▶ SUPPLIED MATERIAL
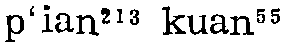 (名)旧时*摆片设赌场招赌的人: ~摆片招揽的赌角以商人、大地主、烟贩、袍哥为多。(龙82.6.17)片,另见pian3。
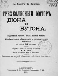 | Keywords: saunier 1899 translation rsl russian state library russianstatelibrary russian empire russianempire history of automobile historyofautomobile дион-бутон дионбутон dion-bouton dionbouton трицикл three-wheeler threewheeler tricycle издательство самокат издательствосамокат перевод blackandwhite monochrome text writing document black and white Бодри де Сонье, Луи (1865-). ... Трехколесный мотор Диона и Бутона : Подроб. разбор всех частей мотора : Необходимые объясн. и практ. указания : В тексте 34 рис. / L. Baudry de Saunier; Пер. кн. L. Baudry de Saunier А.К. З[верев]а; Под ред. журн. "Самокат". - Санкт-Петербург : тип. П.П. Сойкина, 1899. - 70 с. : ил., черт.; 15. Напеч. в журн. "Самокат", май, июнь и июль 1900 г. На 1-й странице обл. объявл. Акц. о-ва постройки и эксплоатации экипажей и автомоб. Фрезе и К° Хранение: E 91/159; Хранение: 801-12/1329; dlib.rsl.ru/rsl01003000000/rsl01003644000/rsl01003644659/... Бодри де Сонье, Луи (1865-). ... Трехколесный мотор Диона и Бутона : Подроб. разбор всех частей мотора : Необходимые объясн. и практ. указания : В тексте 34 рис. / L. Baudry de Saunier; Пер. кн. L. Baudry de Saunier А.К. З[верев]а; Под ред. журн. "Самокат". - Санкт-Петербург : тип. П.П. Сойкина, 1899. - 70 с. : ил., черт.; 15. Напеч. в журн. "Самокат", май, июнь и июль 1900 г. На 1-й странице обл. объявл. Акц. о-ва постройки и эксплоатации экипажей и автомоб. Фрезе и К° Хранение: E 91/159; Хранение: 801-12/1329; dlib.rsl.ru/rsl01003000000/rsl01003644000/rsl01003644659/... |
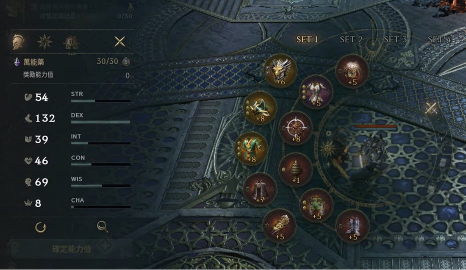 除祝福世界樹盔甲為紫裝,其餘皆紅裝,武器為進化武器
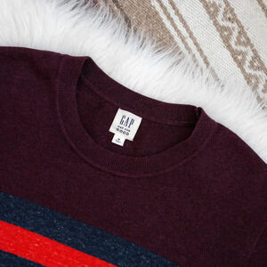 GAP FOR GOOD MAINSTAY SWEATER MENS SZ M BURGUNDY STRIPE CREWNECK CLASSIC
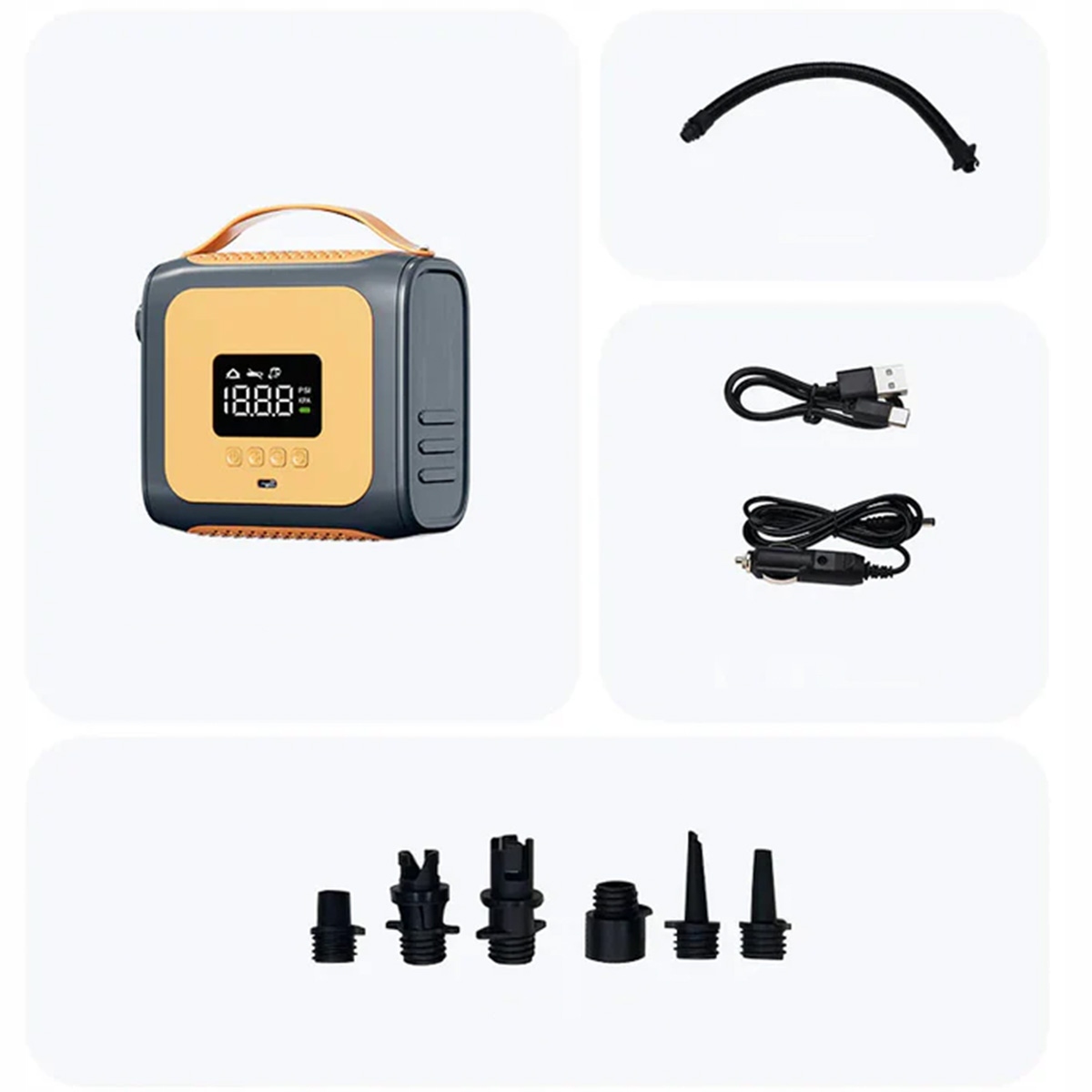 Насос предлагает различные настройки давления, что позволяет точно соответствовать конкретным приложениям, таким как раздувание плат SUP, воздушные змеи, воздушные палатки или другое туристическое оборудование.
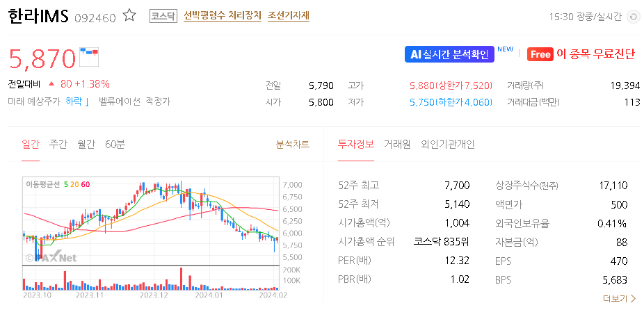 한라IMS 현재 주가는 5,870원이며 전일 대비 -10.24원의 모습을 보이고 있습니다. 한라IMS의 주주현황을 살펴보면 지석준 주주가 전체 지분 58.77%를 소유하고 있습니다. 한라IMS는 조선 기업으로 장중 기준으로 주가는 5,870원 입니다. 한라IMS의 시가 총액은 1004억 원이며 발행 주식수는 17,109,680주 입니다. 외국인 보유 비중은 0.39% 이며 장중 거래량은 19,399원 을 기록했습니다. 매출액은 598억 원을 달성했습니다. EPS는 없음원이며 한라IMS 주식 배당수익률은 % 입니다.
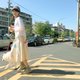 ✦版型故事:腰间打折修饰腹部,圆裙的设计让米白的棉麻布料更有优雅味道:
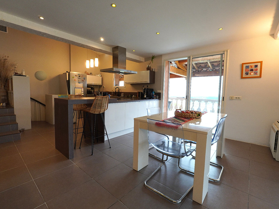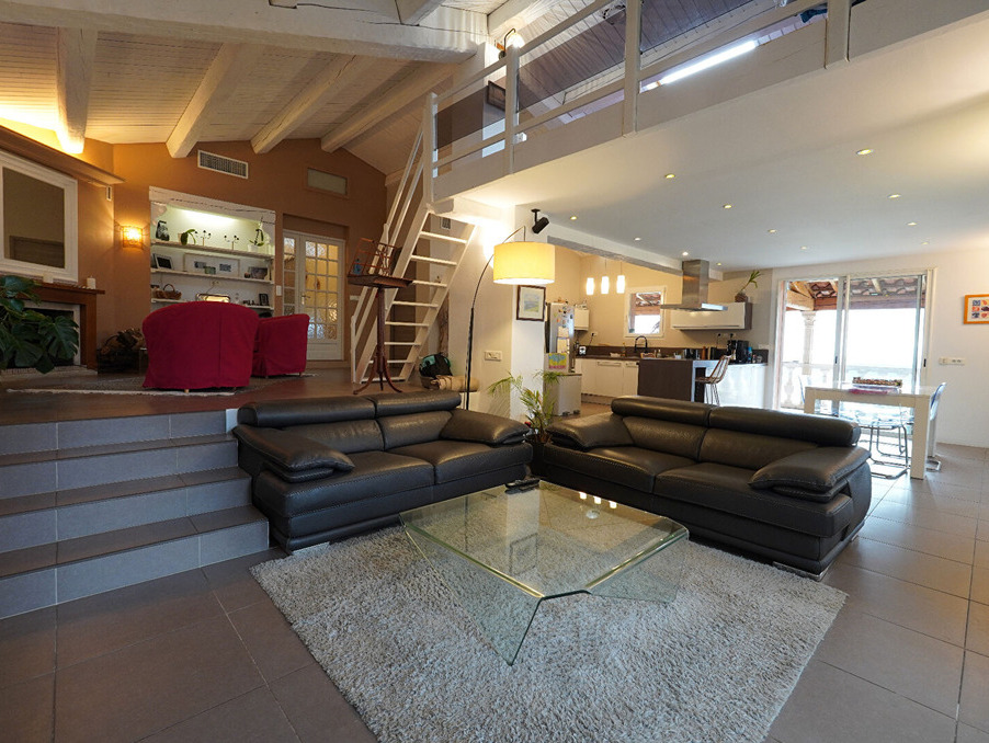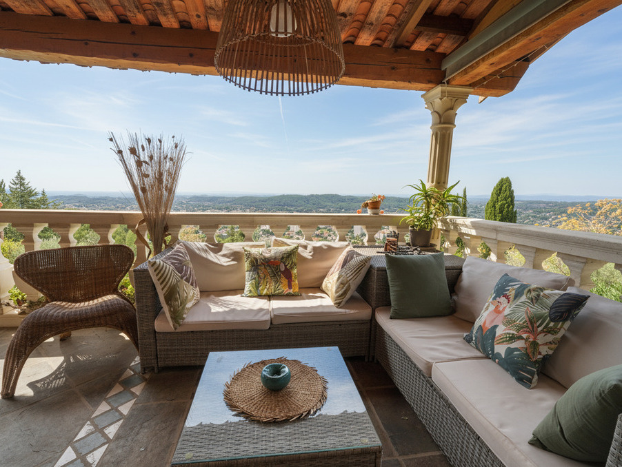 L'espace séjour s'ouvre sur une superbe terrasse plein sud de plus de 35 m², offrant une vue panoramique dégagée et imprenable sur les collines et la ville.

▶ THE TASK
Return all the entries word for word, but omit any pictures they contain.

▶ SOLUTION FOR THIS EXERCISE
 (名)旧时*摆片设赌场招赌的人: ~摆片招揽的赌角以商人、大地主、烟贩、袍哥为多。(龙82.6.17)片,另见pian3。
 | Keywords: saunier 1899 translation rsl russian state library russianstatelibrary russian empire russianempire history of automobile historyofautomobile дион-бутон дионбутон dion-bouton dionbouton трицикл three-wheeler threewheeler tricycle издательство самокат издательствосамокат перевод blackandwhite monochrome text writing document black and white Бодри де Сонье, Луи (1865-). ... Трехколесный мотор Диона и Бутона : Подроб. разбор всех частей мотора : Необходимые объясн. и практ. указания : В тексте 34 рис. / L. Baudry de Saunier; Пер. кн. L. Baudry de Saunier А.К. З[верев]а; Под ред. журн. "Самокат". - Санкт-Петербург : тип. П.П. Сойкина, 1899. - 70 с. : ил., черт.; 15. Напеч. в журн. "Самокат", май, июнь и июль 1900 г. На 1-й странице обл. объявл. Акц. о-ва постройки и эксплоатации экипажей и автомоб. Фрезе и К° Хранение: E 91/159; Хранение: 801-12/1329; dlib.rsl.ru/rsl01003000000/rsl01003644000/rsl01003644659/... Бодри де Сонье, Луи (1865-). ... Трехколесный мотор Диона и Бутона : Подроб. разбор всех частей мотора : Необходимые объясн. и практ. указания : В тексте 34 рис. / L. Baudry de Saunier; Пер. кн. L. Baudry de Saunier А.К. З[верев]а; Под ред. журн. "Самокат". - Санкт-Петербург : тип. П.П. Сойкина, 1899. - 70 с. : ил., черт.; 15. Напеч. в журн. "Самокат", май, июнь и июль 1900 г. На 1-й странице обл. объявл. Акц. о-ва постройки и эксплоатации экипажей и автомоб. Фрезе и К° Хранение: E 91/159; Хранение: 801-12/1329; dlib.rsl.ru/rsl01003000000/rsl01003644000/rsl01003644659/... |
 除祝福世界樹盔甲為紫裝,其餘皆紅裝,武器為進化武器
 GAP FOR GOOD MAINSTAY SWEATER MENS SZ M BURGUNDY STRIPE CREWNECK CLASSIC
 Насос предлагает различные настройки давления, что позволяет точно соответствовать конкретным приложениям, таким как раздувание плат SUP, воздушные змеи, воздушные палатки или другое туристическое оборудование.
 한라IMS 현재 주가는 5,870원이며 전일 대비 -10.24원의 모습을 보이고 있습니다. 한라IMS의 주주현황을 살펴보면 지석준 주주가 전체 지분 58.77%를 소유하고 있습니다. 한라IMS는 조선 기업으로 장중 기준으로 주가는 5,870원 입니다. 한라IMS의 시가 총액은 1004억 원이며 발행 주식수는 17,109,680주 입니다. 외국인 보유 비중은 0.39% 이며 장중 거래량은 19,399원 을 기록했습니다. 매출액은 598억 원을 달성했습니다. EPS는 없음원이며 한라IMS 주식 배당수익률은 % 입니다.
 ✦版型故事:腰间打折修饰腹部,圆裙的设计让米白的棉麻布料更有优雅味道:
 L'espace séjour s'ouvre sur une superbe terrasse plein sud de plus de 35 m², offrant une vue panoramique dégagée et imprenable sur les collines et la ville.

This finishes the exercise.